My team is growing. I’ve got a virtual team now of three people in addition to myself
spread all over the world and as my team has grown, I’ve found that I’m getting stretched
to my limit communication-wise because each one of my team members likes to use a different
tool for communications. One of them loves to communicate with me on Facebook messenger.
Another loves to communicate with me in Skype Messenger, the instant messaging side of Skype.
One uses email. Actually, they all use email fairly well but the bottom line was that I
was getting stretched into all of these different places and beginning to lose cycles, beginning
to lose the amount of time to find something and I was worrying that I was going to miss
something important because I wasn’t looking in the right place for something that was
relevant. Along at the perfect time comes Slack in my
life. It’s been around for a little while and teams are really discovering that it works
for them. It’s this new phenomenon of a different type of information overload which
I’m calling, for lack of a better term, fractured communications, the fact we’re
using all of these different channels to communicate with and we can get lost between the channels.

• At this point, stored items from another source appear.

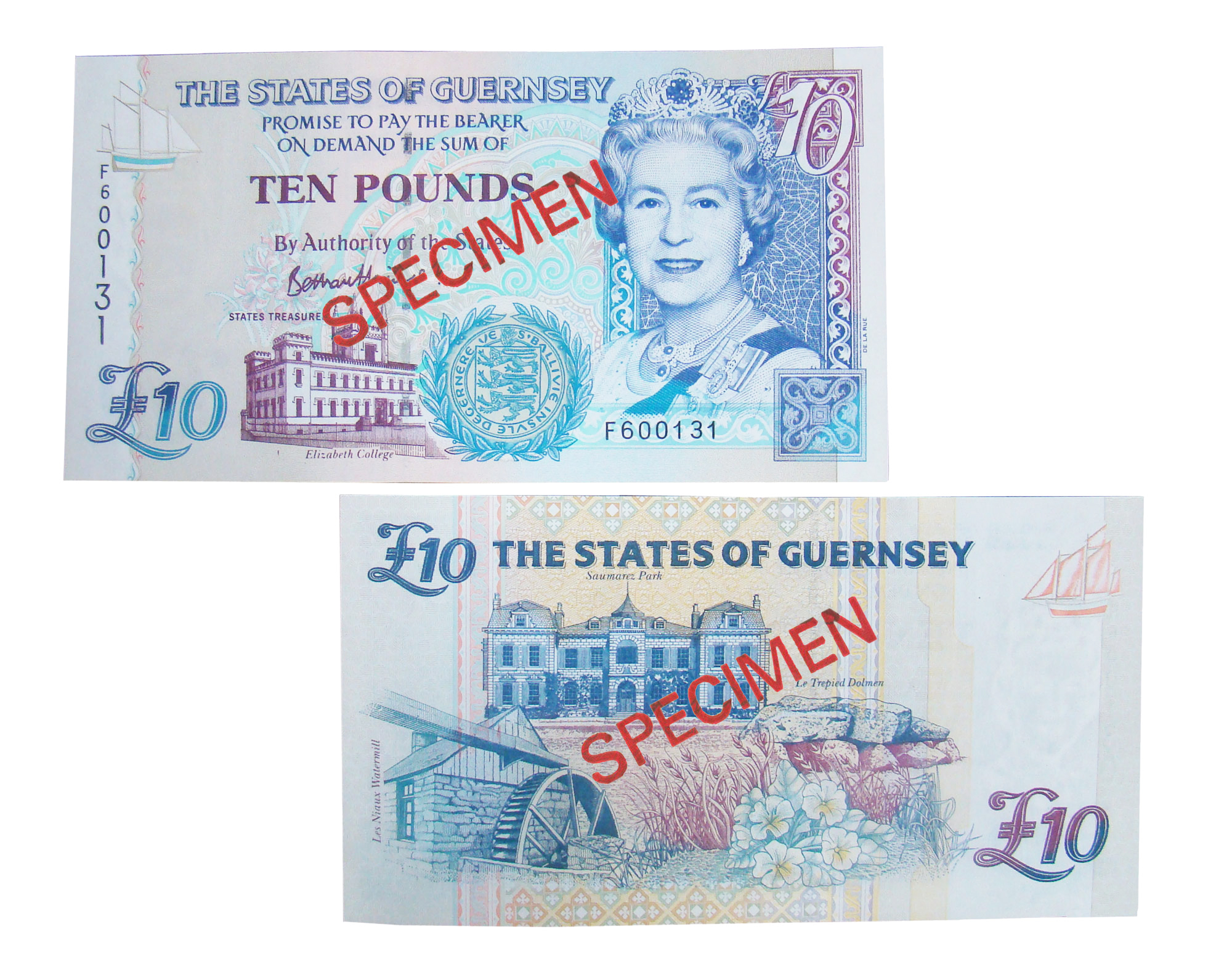 As well as Her Majesty The Queen, this note includes illustrations of Elizabeth College, Saumarez Park and Les Niaux Water Mill. They have been designed and printed by De La Rue Currency, a company started by Guernseyman Thomas De La Rue in the 19th Century.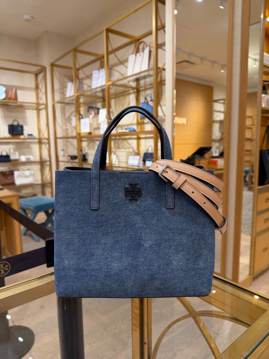 Home Tory Burch Blake Denim Suede Small Tote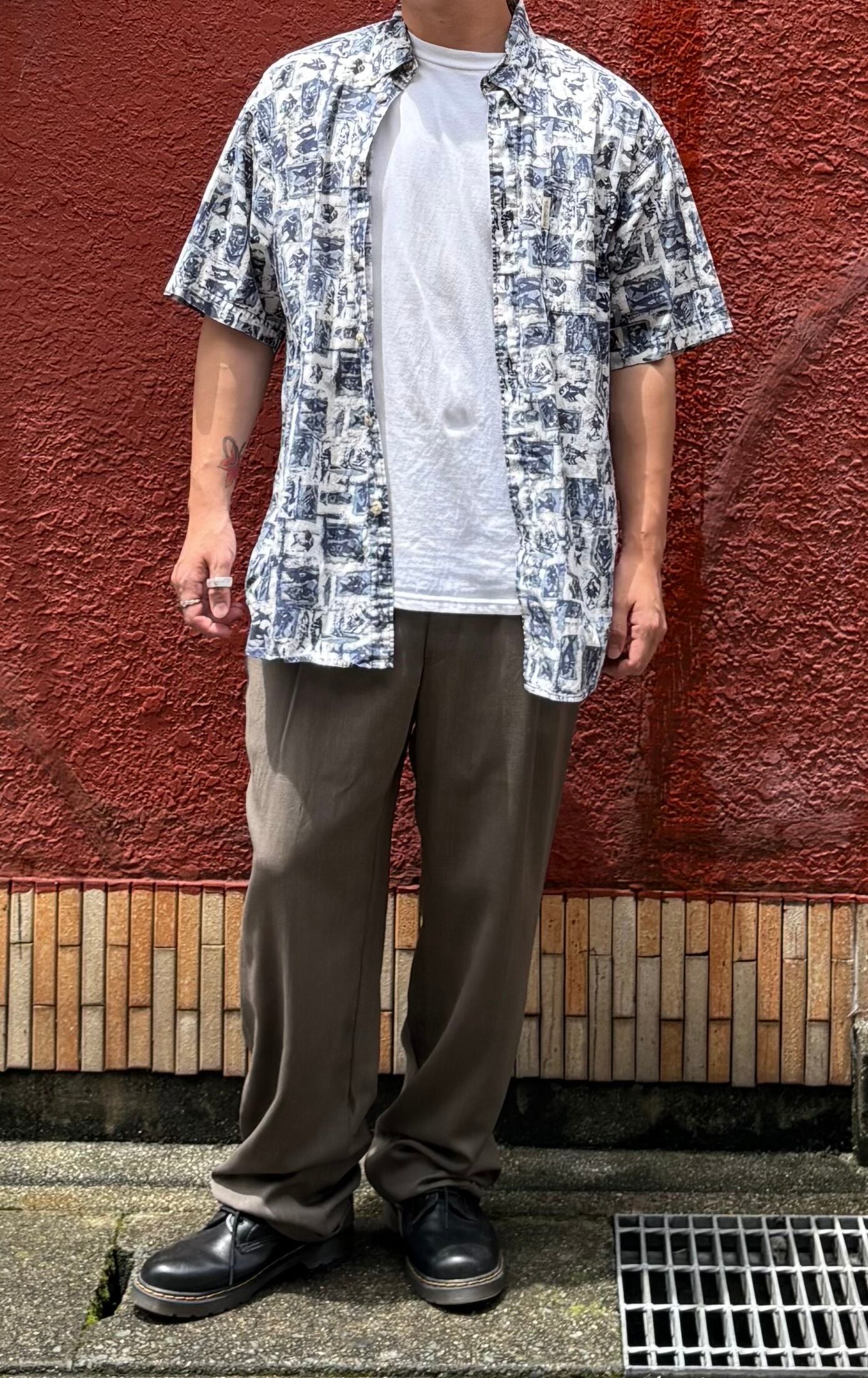 アウトドアブランドColumbiaの遊び心あるアートプリントが目を引く総柄シャツ。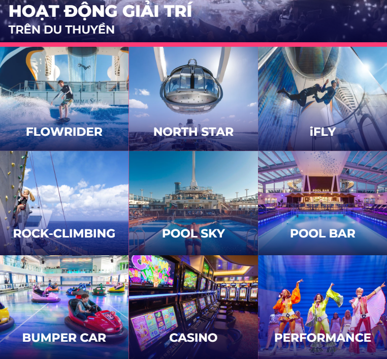 - Ứng dụng Royal Caribbean: Hãy tải App trước khi lên tàu để theo dõi lịch trình và đặt dịch vụ nhanh nhất.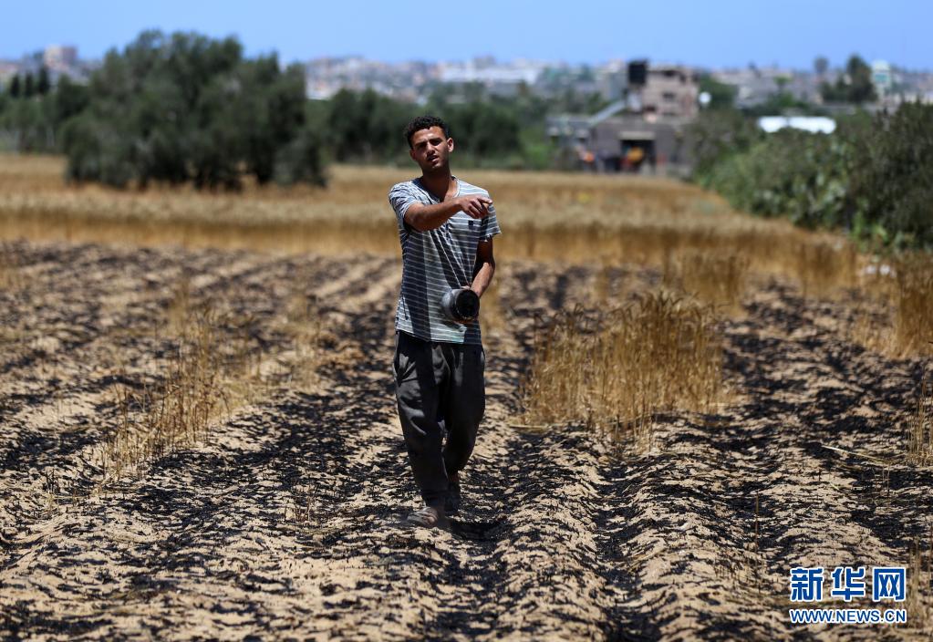 5月22日,在加沙地帶汗尤尼斯,巴勒斯坦農(nóng)民走在被以色列炮擊燒焦的麥田間。新華社發(fā)(亞西爾攝)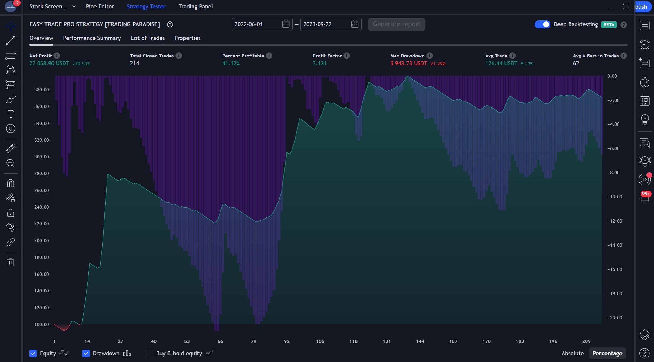 Our trading strategy has showcased impressive results. Out of 494 closed trades, we secured a 41.12% win rate, leading to a net profit of $27,058.90, a 270.59% increase from our initial $10,000 capital. While the drawdown was 21.29%, , our strategy showed resilience with the Maximum Underwater metric registering a minor dip of just $802.89 on 2022/06/22.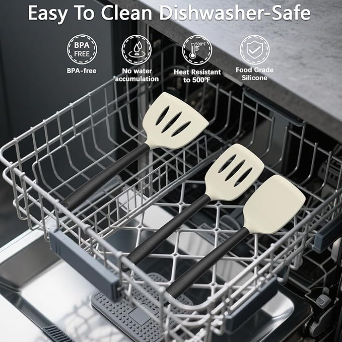 - [Easy to Clean & Dishwasher Safe]: The non-stick silicone surface makes cleanup a breeze, and all utensils are dishwasher-safe for added convenience. With top hanging holes and the included storage holder, organizing and storing your utensils is easier than ever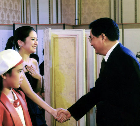 ● 8月25日胡錦濤在韓國青瓦台總統府晚宴上用韓語與韓歌星張娜拉寒暄。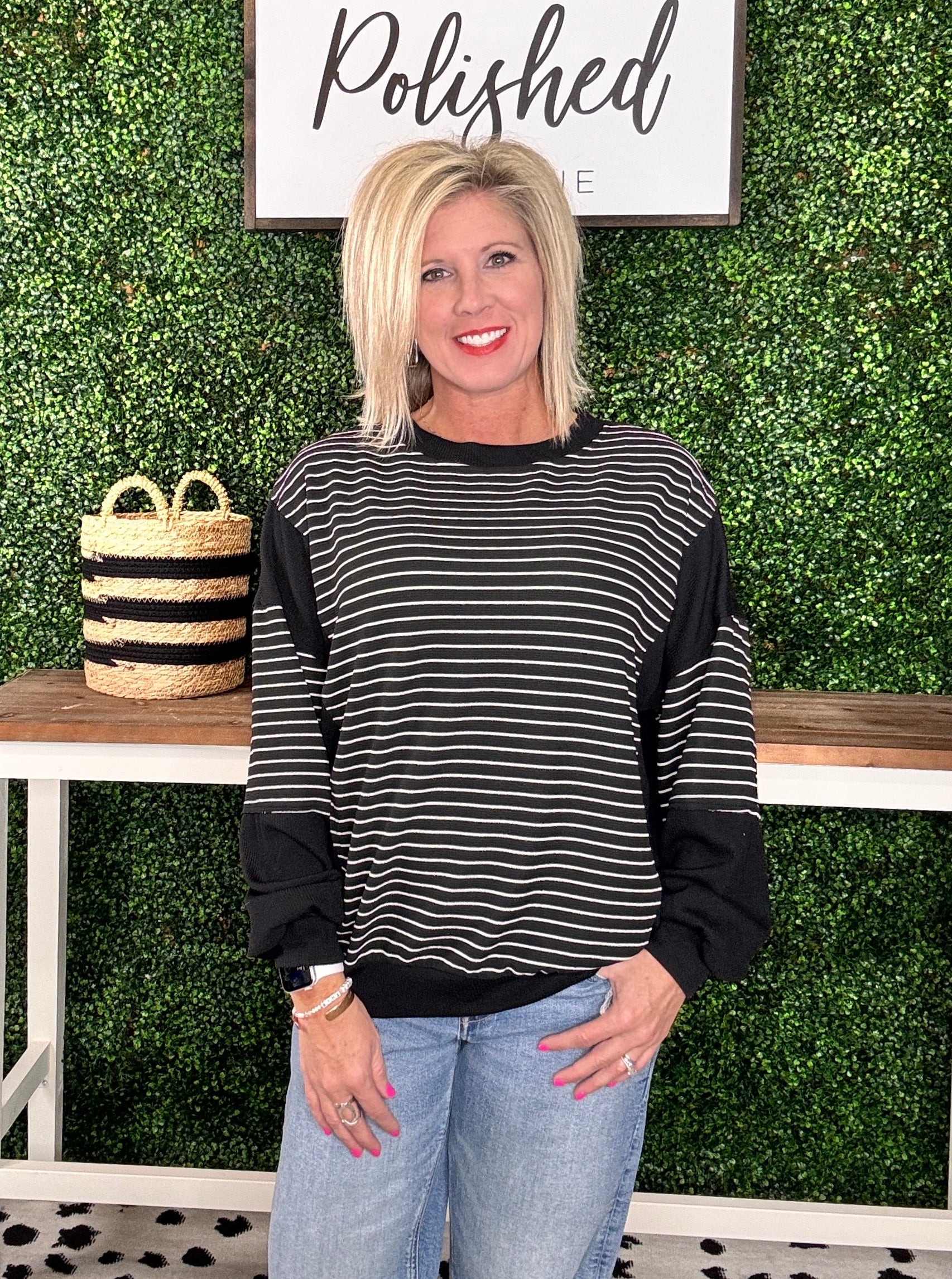 The Wren Top combines comfort and style with its long sleeves and relaxed drop shoulder fit. Featuring a patchwork design with contrasting stripe patterns, it adds a fun, casual touch to your everyday wardrobe. This top is perfect for anyone seeking an easygoing yet thoughtfully designed piece that feels cozy and looks great. Whether you're out and about or relaxing at home, The Wren Top supports your need for both comfort and effortless style.
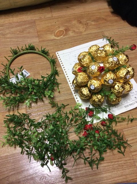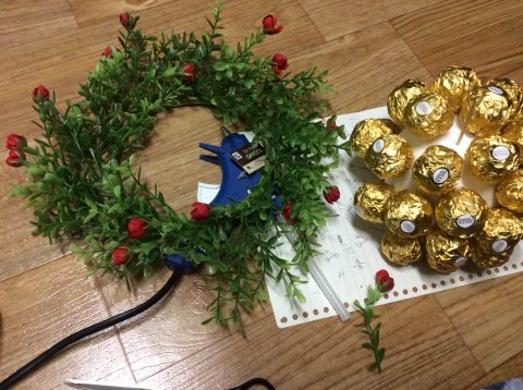 ㄷㅇㅅ에서 조화가 많이 달린 놈을 찾았음 원래 어디에 쓰는건진 모름가위로 다 잘라낸 후에 붙임구멍을 뚫고 구멍마다 줄기 하나씩 넣으려 했지만 너무 힘들 것 같아서그냥 로쉐 사이에 넣고 글루건으로 쏨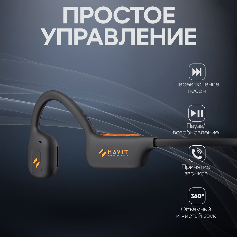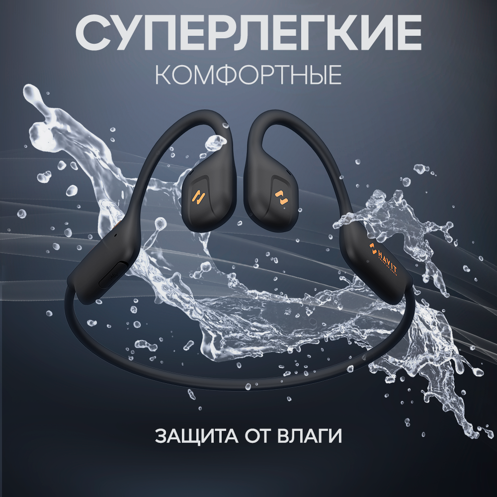 Купить Наушники беспроводные HAVIT Freego1 Air блютуз гарнитура с воздушной проводимостью, микрофоном, спортивные, черные

Information can get lost and things can get off the rails. Slack gives us a unified communication
interface that allows us to all work in the same space and they make it worthwhile because
they give us a whole bunch of benefits if we commit to communicating in Slack itself.
You want to have a quick look? I think you should stick around because we’re looking
at Slack today on DottoTech. I have to apologize for the bit of a long
intro but Slack is a tool that takes a little bit of time to get your head around. Now I
mentioned to you the reason that I really like Slack and why Slack is working so well
for me. It allows me to bring together into one place all of the people who I need to
communicate with on my team and flow all of our communications into the one space. There’s
a mobile app which I’ll show you in just a few moments but right now I’m in the desktop
app. There’s also a web-based app that you can use so Slack allows you to access your
account from any tool that you happen to be on, be it your smartphone, your computer or
even using web access from somebody else’s system.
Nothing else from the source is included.